Abstract:
Through this study, we try to evaluate the effects that the direct and indirect taxation and the
subsidies provided by the Government have on income inequality. We use Gini coefficient as a
measure of inequality and use annual data for Indian economy for years 1982-2015 and employ
an ARDL-based bounds test approach for testing co-integration. We ascertain the stationarity
properties for all the series, separately using the ADF test, the DF-GLS test and the KPSS
test. We estimate the long-run and short-run coefficients and find that a long-run negative
relationship exists between Gini coefficient and subsidy-related expenditure. The long-run
coefficients of direct and indirect taxation terms are positive but are significant only at 10%. The
short-run coefficients obtained from ECM show that a negative relationship exists between
expenditure on subsidies and Gini coefficient. In short run, direct tax seems to have an
insignificant positive coefficient while indirect tax seems to have a significant unbalancing effect.

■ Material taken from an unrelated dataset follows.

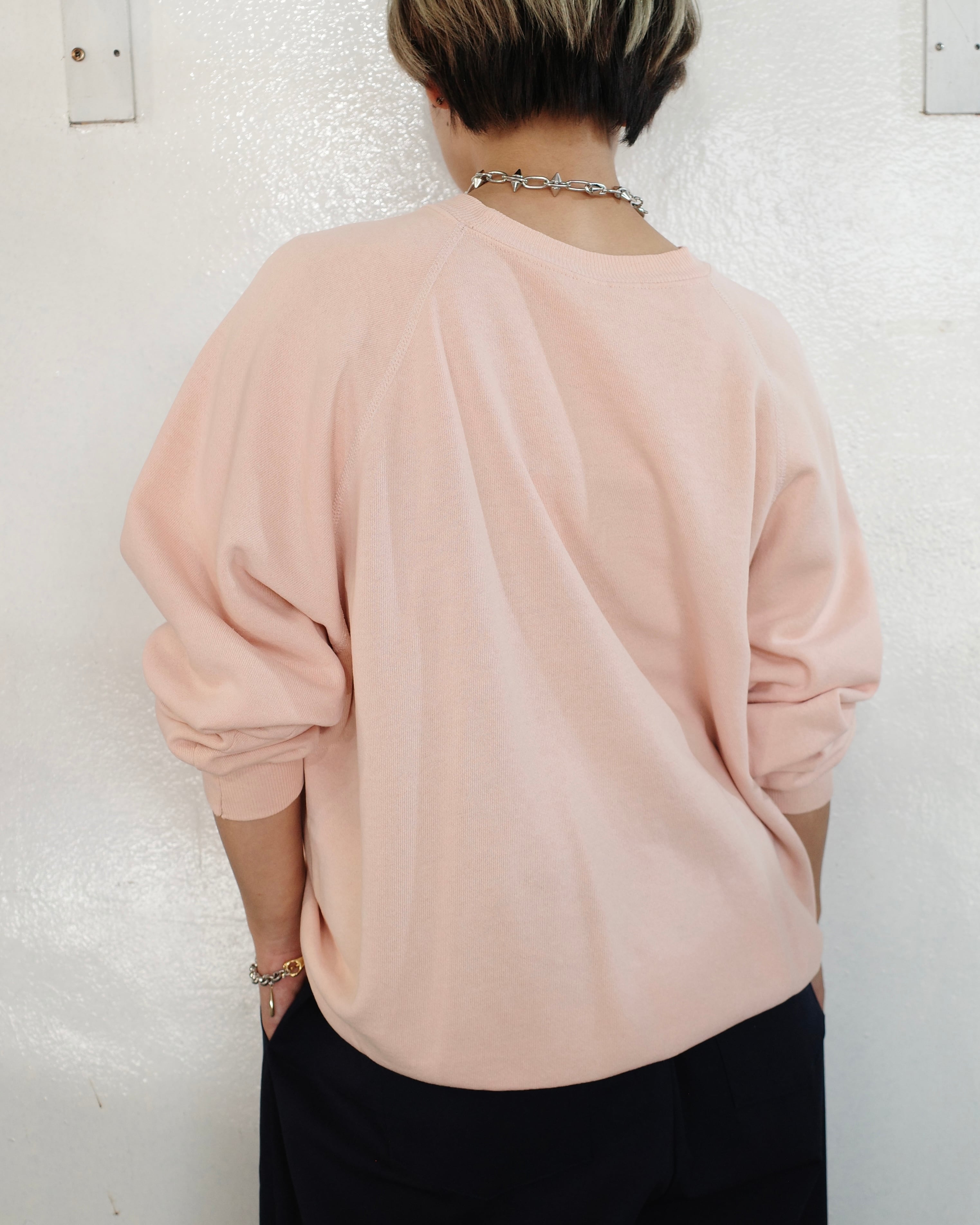 淡い色調のプリントとラグランスリーブで、抜け感のあるアメリカン・ヴィンテージらしい雰囲気に仕上がっています。

We employ the Granger causality tests to confirm direction of causality and find that there runs a
unidirectional causality from direct tax, indirect tax and subsidy to Gini coefficient, while any
causality from Gini to any series is largely insignificant. The results imply that the government
should use the calculated hybrid of tools like direct and indirect taxation and subsidies to have an
equalizing impact on the economy. Moreover, the significant causal relationship from subsidies to
Gini opens up an opportunity for the government to improve the income distribution using
targeted subsidies, for example the Aadhaar-linked Direct Transfer Benefits etc.